Ian Harvie: So, like, eggs are cool with you?

Jorja Fox: You know, I don’t eat that much, but I eat them. It’s a very personal choice. But, yeah, the cooking thing is hard. I think that in, like, LA or New York — If I was in the Arctic Tundra and it was like me an a seal? And I was really hungry? Maybe, you know, I would make the choice to survive. But if I’m living in LA? I mean, there’s right next door there’s Damiano’s. You can get, like, a slice of soy cheese pizza with veggie “pepperoni’. It’s easy. It’s pretty easy.

Ian Harvie: That’s good pizza over there. You have something going on that you’re -

Jorja Fox: I do.

Ian Harvie: That you’re excited about. Tell me about it.

Jorja Fox: I’m really excited about it. Kirsten Holly Smith, who’s a really old friend of mine, is here tonight and we’re doing a play. I’m producing, she is staring in it. Uh. A show about Dusty Springfield. It’s a music. crowd cheers Yeah! And the story is way overdue to be told. She had an amazing, incredible life. Pretty much a 30 year career span, over in Europe and the United States. And we’re doing this show, it opens February 7th, in Los Angeles, at the Gay and Lesbian Center, the Tomlin and Wagner Theater. Kirsten’s myspace page or my website will have it posted in a week or two.

Ian Harvie: Your website is?

Jorja Fox: Jorjafox.org

Ian Harvie: Okay, .org.

Jorja Fox: Mmm hmm. And that’s filled with political ramblings of all kinds. It’s my myspace page.

Ian Harvie: And give us a couple sentences background about her life. About Dusty’s life.

Jorja Fox: Well, Dusty’s pretty – She really came on the music scene in the early ’60s. She was one of the very first women that produced her own music and her own sound. She was one of the very first performers to stand up against Apartheid. In honor of Martin Luther King Day, today, thank you very much for that. She was also one of the first artists to come out as bisexual and lesbian. Like way before David Bowie and all those guys. So she’s a very brave lady. She dealt with substance abuse and breast cancer. We’re going to tell some of that in the story, it’s almost – it’s kind of too rich a life to tell it all in 90 minutes.

Ian Harvie: Right.

Jorja Fox: We’ll also perform, I think, 10? Dusty Springfield songs. Or 11. And the band’s amazing, the story’s amazing, Kirsten’s amazing. You’ll get to see her in a second.

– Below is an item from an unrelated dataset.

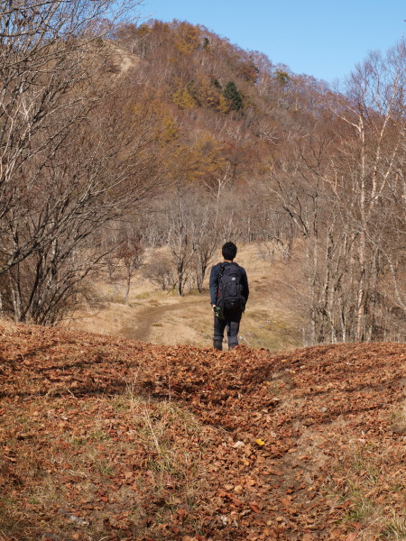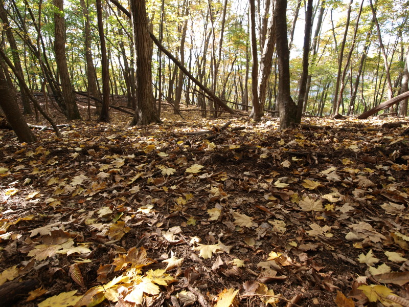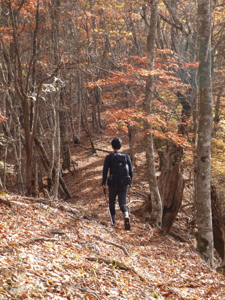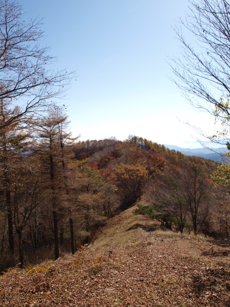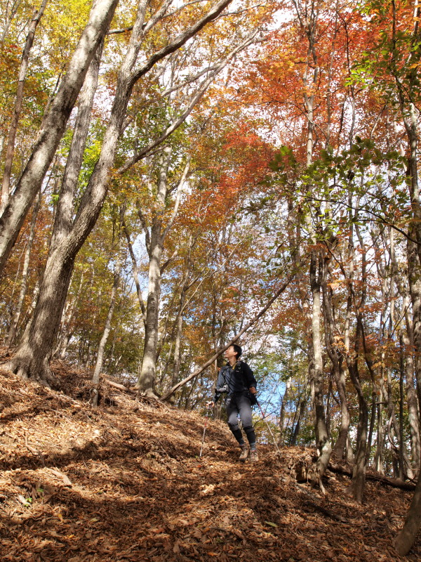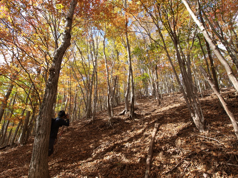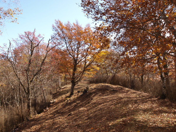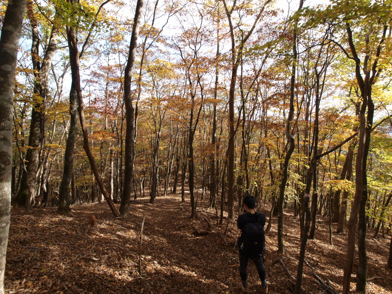 13:24 緩やかな尾根。黄葉、紅葉の中をず〜っと歩きます。

Ian Harvie: Alright. Fantastic. There is one question that I’m sure is on everybody’s mind here. That everybody’s probably wanted to ask you, and I don’t know if anybody’s ever asked you this before.

Jorja Fox: Really?

Ian Harvie: And I know it’s kinda one of those things that maybe, you know, that in this sort of atmosphere I could probably ask it, and it would be okay. I guess I just want to ask, what was it like to film that After School Special back in 93?

Ian Harvie: Was it 93? I’m sorry, what year was that?

Jorja Fox: Gaaaaahd. You know- I can’t believe you asked me that. No comment. I don’t talk about that.

Ian Harvie: Fair enough, fair enough.

Jorja Fox: Cool. Alright, cool.

Ian Harvie: Fair enough. Jorja Fox, everybody! Thank you so much.